_ASSIGNMENT_
When you reach the line with "守(6画) 誠(14画)一(1画)", transcribe it and each line after it through the last one below, exactly. Pictures stay out.

_AVAILABLE DATA_
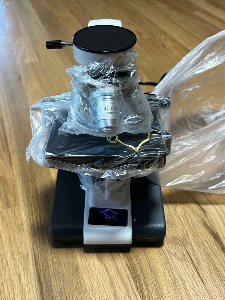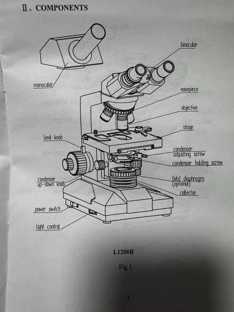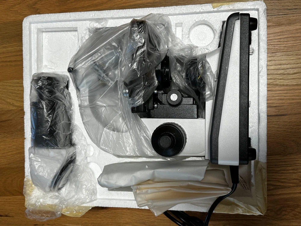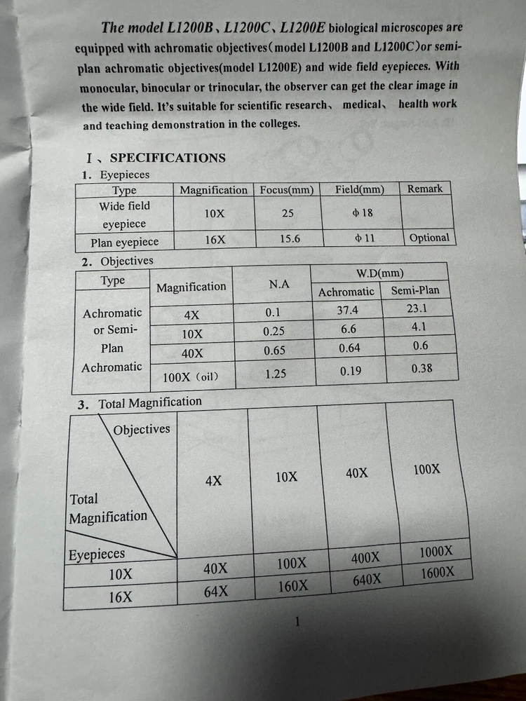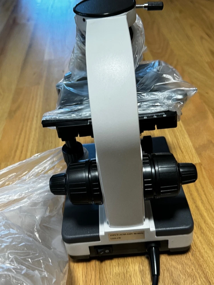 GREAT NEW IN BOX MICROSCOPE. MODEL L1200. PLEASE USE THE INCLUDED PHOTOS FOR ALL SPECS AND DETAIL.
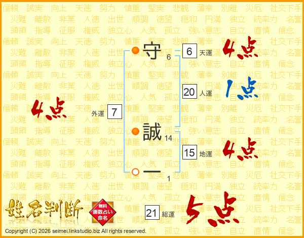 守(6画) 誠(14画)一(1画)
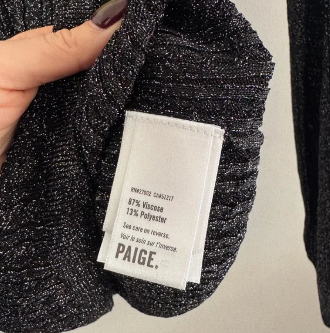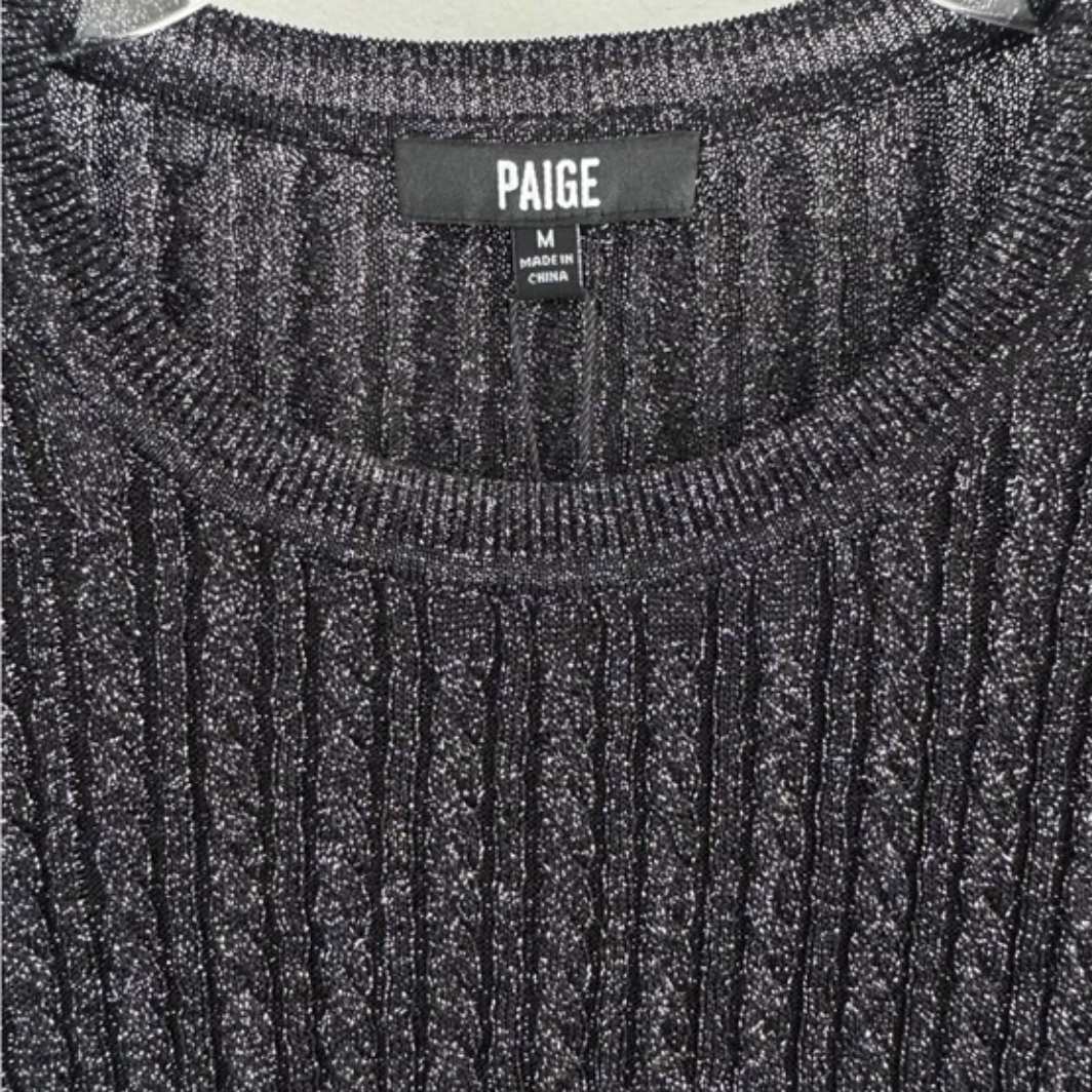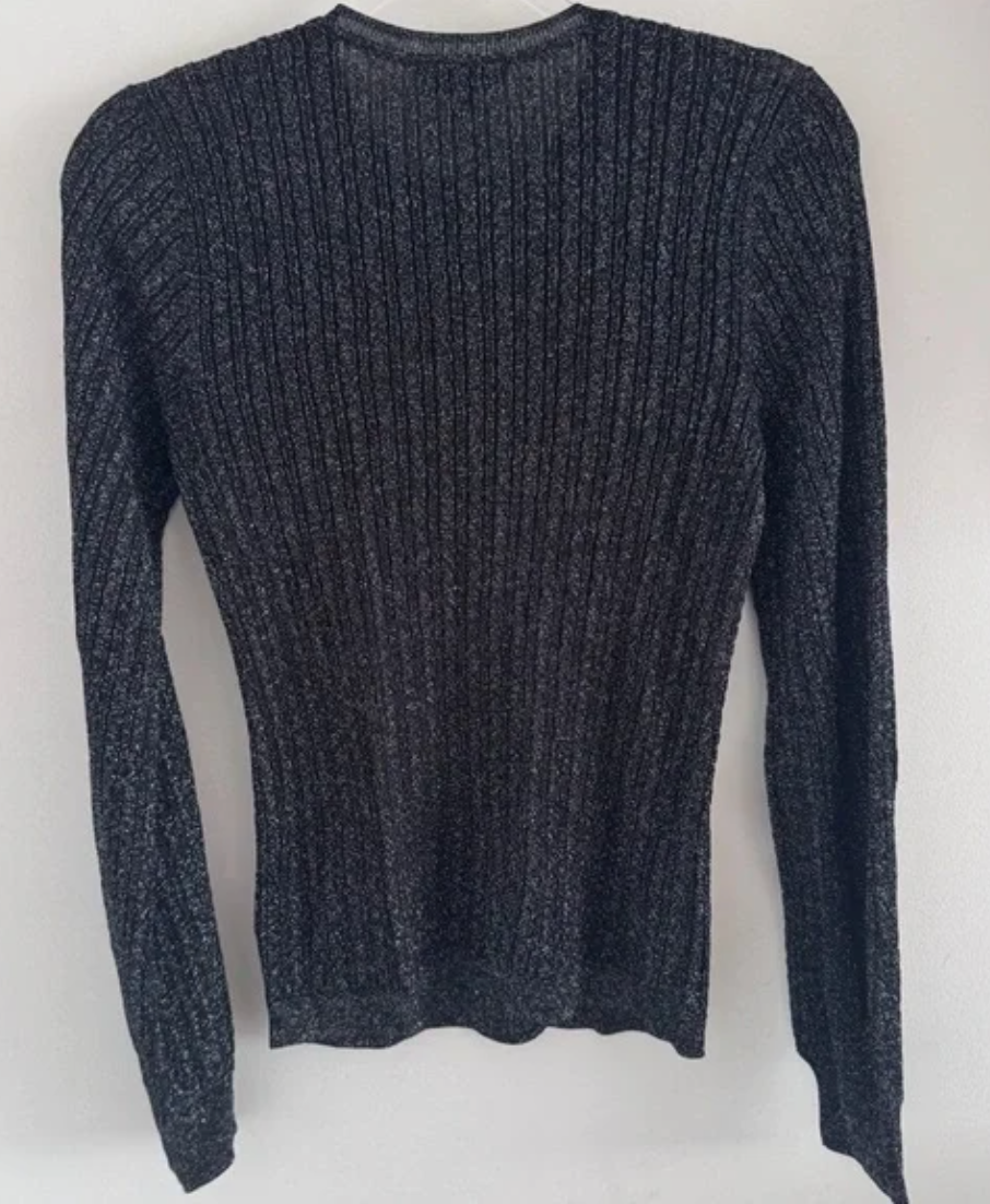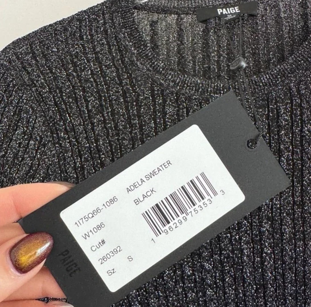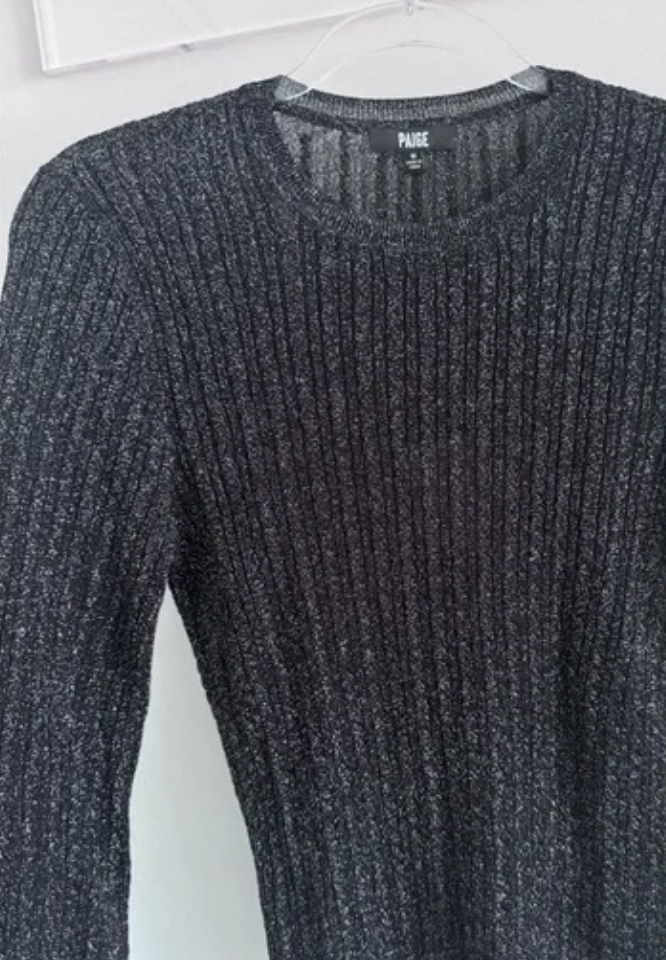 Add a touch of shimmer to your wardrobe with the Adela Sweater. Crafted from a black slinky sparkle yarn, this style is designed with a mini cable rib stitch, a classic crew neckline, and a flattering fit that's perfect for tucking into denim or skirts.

_WRITTEN RESPONSE_
 守(6画) 誠(14画)一(1画)
 Add a touch of shimmer to your wardrobe with the Adela Sweater. Crafted from a black slinky sparkle yarn, this style is designed with a mini cable rib stitch, a classic crew neckline, and a flattering fit that's perfect for tucking into denim or skirts.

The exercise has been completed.